KANALNEWS.co, Palembang – Tuan rumah Sriwijaya FC gagal meraih poin sempurna setelah hanya bermain imbang 2-2 saat  menjamu tamunya Barito Putera pada laga lanjutan Indonesia Soccer Championship 2016 Senin (28/11/2016) sore.

Pada laga yang berlangsung di Stadion Gelora Sriwijaya Jakabaring, Palembang, Laskar Wong Kito, julukan Sriwijaya FC harus tertinggal lebih dahulu melalui gol cepat yang diciptakan Paolo Oktavianus Sitanggang pada menit ke-4. Gol Paolo berawal dari umpan terobosan Aef Maulana. Mantan bomber Timnas U-19 itu dengan mudah melepaskan tendangan ke arah gawang yang tak mampu dijangkau Tri Hamdani.

Firman Utina dan kawan-kawan tersentak dengan gol cepat Aef tersebut, semangat tim tuan rumah bangkit dengan melancarkan serangan ke jantung pertahanan lawan. Namun ketatnya barisan pertahanan tuan rumah membuat striker andalan Alberto “Beto” Goncalves kesulitan menembus area kotak penalti.

Usaha SFC baru menemukan hasil pada menit 37 melalui Beto yang memanfaatkan bola muntah dari sepakan keras Hilton Moreira. Skor pada babak pertama berkahir 1-1.

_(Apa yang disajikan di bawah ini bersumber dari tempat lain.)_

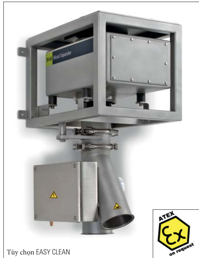
Tùy chọn EASY CLEAN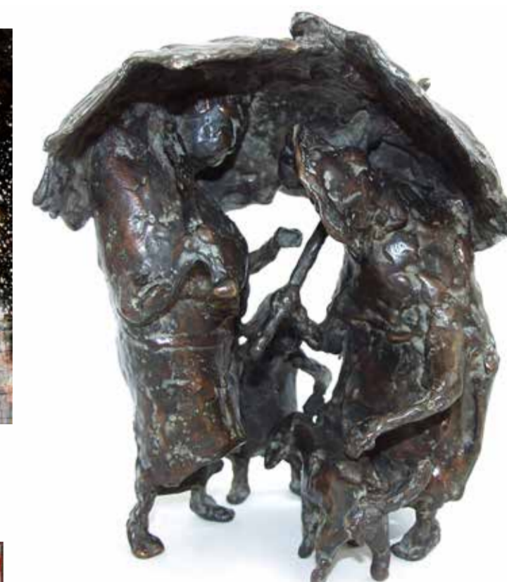
„Marktstand“ von Wolfgang Binding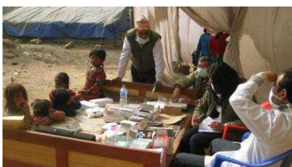
Due immagini del dispensario in azione.

Si e' avuto cura di fare in modo che i bambini venissero sempre accompagnati dai genitori al dispensario, per essere certi che le modalita' di assunzioni dei medicinali venissero comprese chiaramente.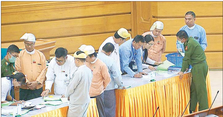
ဆန္ဒမဲလက်မှတ်များ ရေတွက်မှုနှင့် လွှတ်တော်ကိုယ်စားလှယ်များ ကြီးကြပ်စောင့်ကြည့်မှုကို တွေ့ရစဉ်။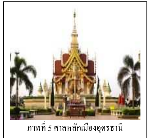
ภาพที่ 5 ศาลหลักเมืองอุดรธานี

มณฑลอุดรจึงถูกยุบเลิกไป เหลือเพียง จังหวัด "อุดรธานี" เท่านั้น (กลุ่มข้อมูลสารสนเทศ ,สนจ.อด.,2011)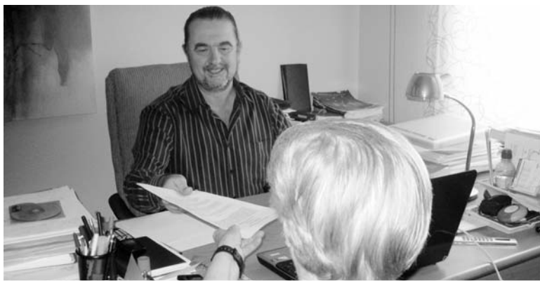
Un miembro de Acrear asesora a un asociado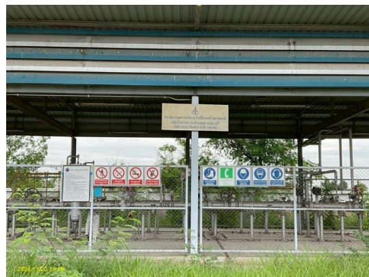
อาคารควบคุมความดันและวัดปริมาตรก๊าซ (Metering & Regulating Station)

รูปที่ 3-1 ภาพรวมของโครงการท่อส่งก๊าซธรรมชาติไปยังสถานีบริการก๊าซธรรมชาติหลัก บริษัท เครือข่ายก๊าซ ไทย-ญี่ปุ่น จำกัด ที่บ้านหมอ จังหวัดสระบุรี (ระยะดำเนินการ) ในปัจจุบัน

Memaski babak kedua, Sriwijaya FC mencoba menambah daya gedor serangan dengan memasukan Youhanis Nabar menggantikan M Ridwan. Alhasil tuan rumah mampu unggul 2-1 setelah pemain belakang Barito Putera melakukan gol bunuh diri pada menit 60. Gol bunuh dirinya ini setelah M Roby yang berdiri sejajar dengan Beto salah mengantisipasi umpan Firman Utina sehingga bola masuk ke gawang Iman Arif.

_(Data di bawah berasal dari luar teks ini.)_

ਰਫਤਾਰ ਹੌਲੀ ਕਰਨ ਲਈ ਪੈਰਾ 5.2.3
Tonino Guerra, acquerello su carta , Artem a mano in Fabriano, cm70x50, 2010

Setelah unggul 2-1 tak membuat SFC mengendurkan serangan, bahkan Hafit Ibrahim hampir menambah gol andai saja sepakannya tidak melebar tipis di sisi kanan gawang. Begitu juga Beto yang hampir mencetak gol keduanya di pertandingan ini namun heading kerasnya masih belum menemui sasaran.

Ketika laga dirasa menjadi milik Sriwijaya FC, tim tamu berhasil menciptakan gol melalui tendangan keras Yongki Aribowo di pengujung waktu, tepatnya menit 81. Yongki Memanfaatkan umpan Amirul Mukminin dan tanpa kesulitan melesakkan bola ke gawang. Hingga peluit panjang ditiupkan wasit Arisam, hasil imbang 2-2 tetap bertahan.

“Kami sangat bersyukur mencuri poin di kandang Sriwijaya FC mengingat sejak awal tidak mematok target muluk-muluk. Tentunya hasil ini menambah motivasi tim, dan berharap dapat memperbaiki posisi di klasemen akhir,” kata pelatih Barito Putera, Yunan Helmi usai laga.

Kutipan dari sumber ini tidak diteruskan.